Raja of Alirajpur
- Reign: 1941 – 23 October 1941
- Predecessor: Pratap Singh
- Successor: Surendra Singh
- Born: 22 August 1904
- Died: 23 October 1941 (aged 37)
- House: Alirajpur
- Dynasty: Rathore
- Father: Pratap Singh

= Fateh Singh of Alirajpur =

Ruler of Alirajpur in 1941

Fateh Singh, also spelt Fatehsinhji (22 August 1904 – 23 October 1941) was the Raja of Alirajpur from the day of his father's abdication in 1941 until his own death on 23 October 1941.

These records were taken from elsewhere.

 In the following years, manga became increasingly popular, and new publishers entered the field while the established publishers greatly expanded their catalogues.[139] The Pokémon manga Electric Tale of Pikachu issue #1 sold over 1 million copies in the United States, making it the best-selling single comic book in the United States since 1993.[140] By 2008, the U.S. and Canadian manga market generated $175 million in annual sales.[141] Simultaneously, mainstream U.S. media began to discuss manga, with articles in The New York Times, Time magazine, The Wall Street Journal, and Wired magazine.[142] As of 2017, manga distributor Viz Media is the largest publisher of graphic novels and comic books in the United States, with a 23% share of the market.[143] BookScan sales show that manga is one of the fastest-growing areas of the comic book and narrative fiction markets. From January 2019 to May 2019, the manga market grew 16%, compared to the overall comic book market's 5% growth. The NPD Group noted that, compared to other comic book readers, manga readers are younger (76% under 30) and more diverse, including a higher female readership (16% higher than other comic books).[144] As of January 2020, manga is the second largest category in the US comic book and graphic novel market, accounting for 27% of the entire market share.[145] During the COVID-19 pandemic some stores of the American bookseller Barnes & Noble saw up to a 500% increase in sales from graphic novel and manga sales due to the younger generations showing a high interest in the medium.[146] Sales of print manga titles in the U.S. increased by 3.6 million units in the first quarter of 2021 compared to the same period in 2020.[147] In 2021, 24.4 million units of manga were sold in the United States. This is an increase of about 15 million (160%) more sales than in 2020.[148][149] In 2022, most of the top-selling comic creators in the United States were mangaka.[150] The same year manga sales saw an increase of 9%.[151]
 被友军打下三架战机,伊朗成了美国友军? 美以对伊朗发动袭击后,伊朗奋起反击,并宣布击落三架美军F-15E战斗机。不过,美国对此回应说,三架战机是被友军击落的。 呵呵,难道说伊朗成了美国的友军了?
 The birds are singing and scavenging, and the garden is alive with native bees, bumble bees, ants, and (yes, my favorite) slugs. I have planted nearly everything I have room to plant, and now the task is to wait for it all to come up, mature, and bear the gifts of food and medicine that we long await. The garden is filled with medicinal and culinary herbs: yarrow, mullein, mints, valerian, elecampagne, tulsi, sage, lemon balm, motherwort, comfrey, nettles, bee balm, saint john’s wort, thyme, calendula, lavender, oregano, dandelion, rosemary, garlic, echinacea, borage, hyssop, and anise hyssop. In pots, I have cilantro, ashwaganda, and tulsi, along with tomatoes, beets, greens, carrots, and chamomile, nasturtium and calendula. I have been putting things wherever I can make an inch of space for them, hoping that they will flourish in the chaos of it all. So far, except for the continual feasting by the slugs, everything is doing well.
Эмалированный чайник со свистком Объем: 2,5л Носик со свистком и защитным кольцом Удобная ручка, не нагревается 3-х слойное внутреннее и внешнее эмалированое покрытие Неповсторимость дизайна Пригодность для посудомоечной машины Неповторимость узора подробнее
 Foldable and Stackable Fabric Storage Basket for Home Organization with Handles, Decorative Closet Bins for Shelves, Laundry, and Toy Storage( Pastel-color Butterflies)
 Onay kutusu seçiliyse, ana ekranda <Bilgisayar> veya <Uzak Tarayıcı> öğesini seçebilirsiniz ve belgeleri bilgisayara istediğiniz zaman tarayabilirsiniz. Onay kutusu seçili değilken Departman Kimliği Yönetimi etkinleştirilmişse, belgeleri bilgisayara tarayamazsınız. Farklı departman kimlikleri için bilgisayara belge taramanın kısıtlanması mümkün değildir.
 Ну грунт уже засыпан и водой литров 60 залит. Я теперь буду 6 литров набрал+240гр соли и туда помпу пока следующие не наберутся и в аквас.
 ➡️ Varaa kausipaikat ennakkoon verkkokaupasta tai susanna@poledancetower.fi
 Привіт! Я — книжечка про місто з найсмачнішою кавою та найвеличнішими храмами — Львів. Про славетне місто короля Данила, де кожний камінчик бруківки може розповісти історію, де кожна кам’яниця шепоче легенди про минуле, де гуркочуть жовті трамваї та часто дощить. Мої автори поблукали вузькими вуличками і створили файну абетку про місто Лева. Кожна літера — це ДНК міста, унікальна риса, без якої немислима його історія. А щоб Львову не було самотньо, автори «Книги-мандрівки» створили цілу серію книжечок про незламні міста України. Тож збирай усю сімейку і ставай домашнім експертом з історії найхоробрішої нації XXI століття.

== Early life, family, and education ==
He was born on 22 August 1904 to Pratap Singh. He received his education at Daly College, Indore, and Rajkumar College, Rajkot. On 7 May 1922, he married the daughter of the Raja of Baria. He had four sons. The eldest, Surendra Singh, was born on 17 March 1923; the second, Narendra Singh, on 5 May 1928; the third, Kamlendra Singh, on 30 December 1933; and the fourth on 3 October 1938. He also had three daughters. In 1923, he was appointed in charge of the tehsils of Nandpur and Chandpur. At the same time, he was vested with the powers of a first-class magistrate. He served as the chief commandant of the state forces of Alirajpur.

== Personal life ==
He was a fellow of the Royal Geographical Society. He played polo and cricket. He regularly played polo for the Baria and Ratlam teams. A batsman, he captained the Freelooters cricket team in the Moin-ud-Dowlah Gold Cup Tournament for three years from 1932 to 1934.

== Death ==
He died of pneumonia on 23 October 1941.